A structured CWE-based methodology replaces ad hoc reviews with measurable validation. Relevant weaknesses are scoped from the MITRE database, translated into security requirements, verified through executable properties and tests, and captured as traceable assurance artifacts.

The outcome is not simply test coverage, but documented security assurance tied directly to recognized weakness definitions.

Scaling Assurance for the RISC-V Ecosystem

RISC-V’s consistent ISA foundation enables reusable security requirement templates, parameterized verification properties, and portable C-based test workloads. Once developed, these artifacts can be applied across multiple RISC-V cores with minimal modification, significantly reducing non-recurring engineering (NRE) effort.

The benefits of templatizing CWE-derived security requirements for RISC-V processors include:

• Teams can avoid starting from scratch for each integration.
• Scope inclusion decisions can be repurposed.
• Verification properties can be parameterized for specific RTL implementations.
• C-based tests can be compiled using standard RISC-V toolchains and reused across multiple cores with minimal modification.

This portability is particularly powerful for programs integrating multiple RISC-V implementations across product lines or lifecycle revisions.

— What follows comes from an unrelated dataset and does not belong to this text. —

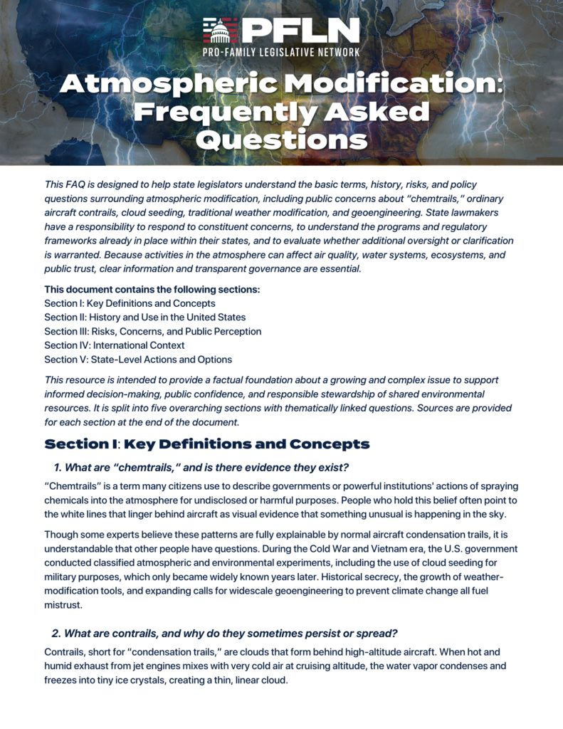 This FAQ is designed to help state legislators understand the basic terms, history, risks, and policy questions surrounding atmospheric modification, including public concerns about “chemtrails,” ordinary aircraft contrails, cloud seeding, traditional weather modification, and geoengineering. State lawmakers have a responsibility to respond to constituent concerns, to understand the programs and regulatory frameworks already in place within their states, and to evaluate whether additional oversight or clarification is warranted. Because activities in the atmosphere can affect air quality, water systems, ecosystems, and public trust, clear information and transparent governance are essential.

Demonstrated Use Case: SiFive X280 3PIP Assurance

In a collaboration between Cycuity (an Arteris brand), SiFive, and BAE Systems, the methodology was applied to a commercial RISC-V core integrated into a larger SoC. Of 60 CWEs identified as potentially in scope, 16 have been analyzed using templated security requirements and reusable verification infrastructure spanning information-flow rules, static analysis, portable C-tests, and assertion-based verification.

What the Results Reveal

Of the 16 CWEs analyzed:

• 12 were confirmed passing under the defined requirements.
• 3 were flagged as failing by rule definition.
• 1 was determined to be out of scope after deeper analysis.

Importantly, failing a CWE does not inherently indicate a vulnerability—it highlights divergence from formal CWE definitions and prompts system-level evaluation of mitigation strategy.

For example, evaluation of debug-mode transitions revealed that sensitive registers are not automatically cleared when entering debug mode. While architecturally intentional, this behavior required software mitigation planning at the system level. Similarly, analysis of register reset conditions identified registers not explicitly initialized at reset. Although deemed non-critical in context, the structured analysis ensured no assumptions were left unvalidated.

These findings highlight an essential point: assurance is not simply about finding flaws, but it is about eliminating uncertainty. Engineers and managers alike gain clearer visibility into implementation behavior, design intent, and mitigation boundaries.

Reducing NRE Through Reusable Assurance Templates

One of the most valuable outcomes of the RISC-V initiative is measurable reduction in assurance effort. Once security requirement templates, property macros, and portable test harnesses are defined, subsequent RISC-V cores can be evaluated with significantly reduced engineering investment. The methodology enables acceleration without sacrificing rigor.

Verification teams can focus effort where differentiation truly exists, such as implementation-specific signals, privilege modes, memory maps, and integration boundaries, rather than recreating foundational security requirements. For government and defense programs under Trusted and Assured Microelectronics (T&AM) objectives, this repeatability directly supports both technical assurance and program schedule constraints.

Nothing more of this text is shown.